UFQA: Utility guided Fingerphoto Quality Assessment
Amol S. Joshi, Ali Dabouei, Jeremy Dawson, Nasser Nasrabadi
TL;DR
This work tackles fingerphoto quality assessment by introducing UFQA, a self-supervised dual-encoder framework that jointly optimizes global quality prediction and regional quality maps to reflect recognition utility. It uses a holistic, ECDF-based labeling strategy with regional quality weighting to generate reliable labels, and trains a pairwise-encoder model whose embeddings are fused via self-attention to predict quality in the 0–100 range.
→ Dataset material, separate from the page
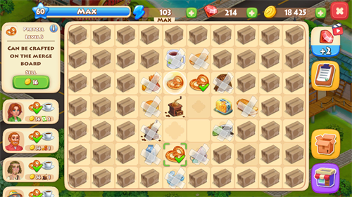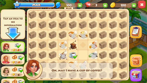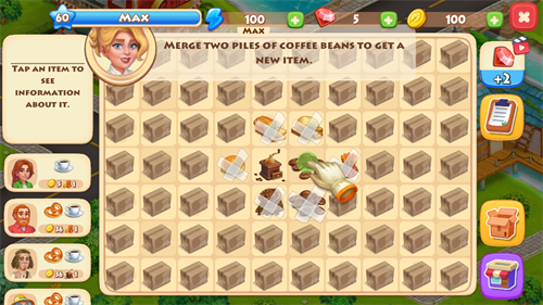 3、玩家可以来到小镇,根据客人的不同需求以拖动合成的方式制作相应食物与饮品;

Empirical results across multiple fingerphoto datasets show UFQA outperforms NFIQ2.2 and other image quality metrics in terms of matching utility, with ablations confirming the value of dual encoders and regional quality estimation. The approach enables more reliable fingerphoto-based recognition, addressing the challenges of illumination, perspective distortions, and regional fingerprint distortions in contactless biometrics.
Abstract
Quality assessment of fingerprints captured using digital cameras and smartphones, also called fingerphotos, is a challenging problem in biometric recognition systems. As contactless biometric modalities are gaining more attention, their reliability should also be improved. Many factors, such as illumination, image contrast, camera angle, etc., in fingerphoto acquisition introduce various types of distortion that may render the samples useless. Current quality estimation methods developed for fingerprints collected using contact-based sensors are inadequate for fingerphotos. We propose Utility guided Fingerphoto Quality Assessment (UFQA), a self-supervised dual encoder framework to learn meaningful feature representations to assess fingerphoto quality. A quality prediction model is trained to assess fingerphoto quality with additional supervision of quality maps. The quality metric is a predictor of the utility of fingerphotos in matching scenarios. Therefore, we use a holistic approach by including fingerphoto utility and local quality when labeling the training data. Experimental results verify that our approach performs better than the widely used fingerprint quality metric NFIQ2.2 and state-of-the-art image quality assessment algorithms on multiple publicly available fingerphoto datasets.